Archives Discussions

ekondis · ‎04-19-2014

Hello,

I'm experimenting on using host allocated memory buffers for reading or writing data. Specifically I use the BufferBandwidth sample provided with the SDK under 64bit Linux on a HD7750 GPU. If I define small enough buffers the program runs as expected. However, if I use somewhat larger array data the output buffer seems not to be host allocated any more.

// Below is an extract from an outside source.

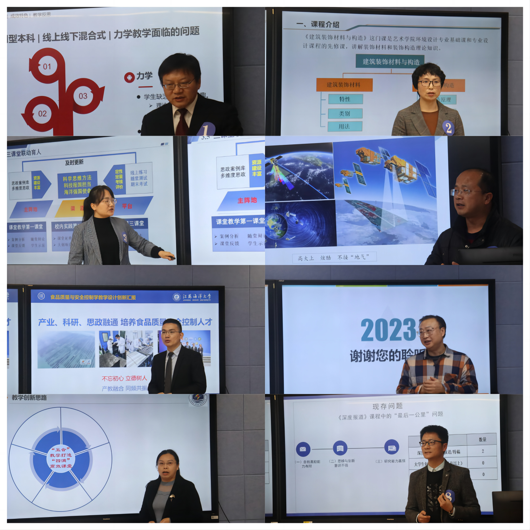 “江苏海洋大学2023年教师教学创新大赛”评审标准和比赛形式与省级、国家级教学创新大赛完全一致,竞赛面向全校教师设置了正高、副高、中级及以下三个组别。初赛由各学院组织,共有28名参赛教师进入校级决赛,经过决赛第一阶段校外专家评审,21名参赛教师进入决赛第二阶段现场环节角逐。决赛第二阶段现场环节,每位参赛教师进行了15分钟教学设计创新汇报,基于参赛课程的教学实践经验与反思,紧紧围绕课程教学目标,聚焦教学实践的真实“问题”,通过课程内容的重构、教学方法的创新、教学环境的创设、教学评价的改革等,展示了课程创新的整体思路,多维呈现教学创新成效及其推广价值。

Here is the output of array size 130000000 where the output seems normal:

./BufferBandwidth -if 0 -if 5 -of 1 -of 5 -db -nb 130000000

Platform found : Advanced Micro Devices, Inc.

Device 0 Capeverde

Build: release

GPU work items: 290176

Buffer size: 129998848

CPU workers: 1

Timing loops: 20

Repeats: 1

Kernel loops: 20

inputBuffer: CL_MEM_READ_ONLY CL_MEM_ALLOC_HOST_PTR

outputBuffer: CL_MEM_WRITE_ONLY CL_MEM_ALLOC_HOST_PTR

AVERAGES (over loops 2 - 19, use -l for complete log)

--------

1. Host mapped write to inputBuffer

---------------------------------------|---------------

clEnqueueMapBuffer -- WRITE (GBPS) | 7.27e+03

---------------------------------------|---------------

memset() (GBPS) | 4.29

---------------------------------------|---------------

clEnqueueUnmapMemObject() (GBPS) | 6.94e+03

2. GPU kernel read of inputBuffer

---------------------------------------|---------------

clEnqueueNDRangeKernel() (GBPS) | 3.03

Verification Passed!

3. GPU kernel write to outputBuffer

---------------------------------------|---------------

clEnqueueNDRangeKernel() (GBPS) | 1.77

4. Host mapped read of outputBuffer

---------------------------------------|---------------

clEnqueueMapBuffer -- READ (GBPS) | 7.29e+03

---------------------------------------|---------------

CPU read (GBPS) | 4.03

---------------------------------------|---------------

clEnqueueUnmapMemObject() (GBPS) | 5.97e+03

Verification Passed!

And here is the output when using array size 134000000 where the output buffer seems to be allocated in device memory (high device writing bandwidth, slow when mapped by CPU):

./BufferBandwidth -if 0 -if 5 -of 1 -of 5 -db -nb 134000000

Platform found : Advanced Micro Devices, Inc.

Device 0 Capeverde

Build: release

GPU work items: 11648

Buffer size: 133998592

CPU workers: 1

Timing loops: 20

Repeats: 1

Kernel loops: 20

inputBuffer: CL_MEM_READ_ONLY CL_MEM_ALLOC_HOST_PTR

outputBuffer: CL_MEM_WRITE_ONLY CL_MEM_ALLOC_HOST_PTR

AVERAGES (over loops 2 - 19, use -l for complete log)

--------

1. Host mapped write to inputBuffer

---------------------------------------|---------------

clEnqueueMapBuffer -- WRITE (GBPS) | 6.25e+03

---------------------------------------|---------------

memset() (GBPS) | 4.29

---------------------------------------|---------------

clEnqueueUnmapMemObject() (GBPS) | 7.13e+03

2. GPU kernel read of inputBuffer

---------------------------------------|---------------

clEnqueueNDRangeKernel() (GBPS) | 3.02

Verification Passed!

3. GPU kernel write to outputBuffer

---------------------------------------|---------------

clEnqueueNDRangeKernel() (GBPS) | 31.5

4. Host mapped read of outputBuffer

---------------------------------------|---------------

clEnqueueMapBuffer -- READ (GBPS) | 2.46

---------------------------------------|---------------

CPU read (GBPS) | 4.03

---------------------------------------|---------------

clEnqueueUnmapMemObject() (GBPS) | 5.39e+03

Verification Passed!

Passed!

sudarshan · ‎04-22-2014

Hi,

I have gone through AMD's OpenCL memory management documentation as well as BufferBandwidth code. I found no apparent reason why you should be getting such results.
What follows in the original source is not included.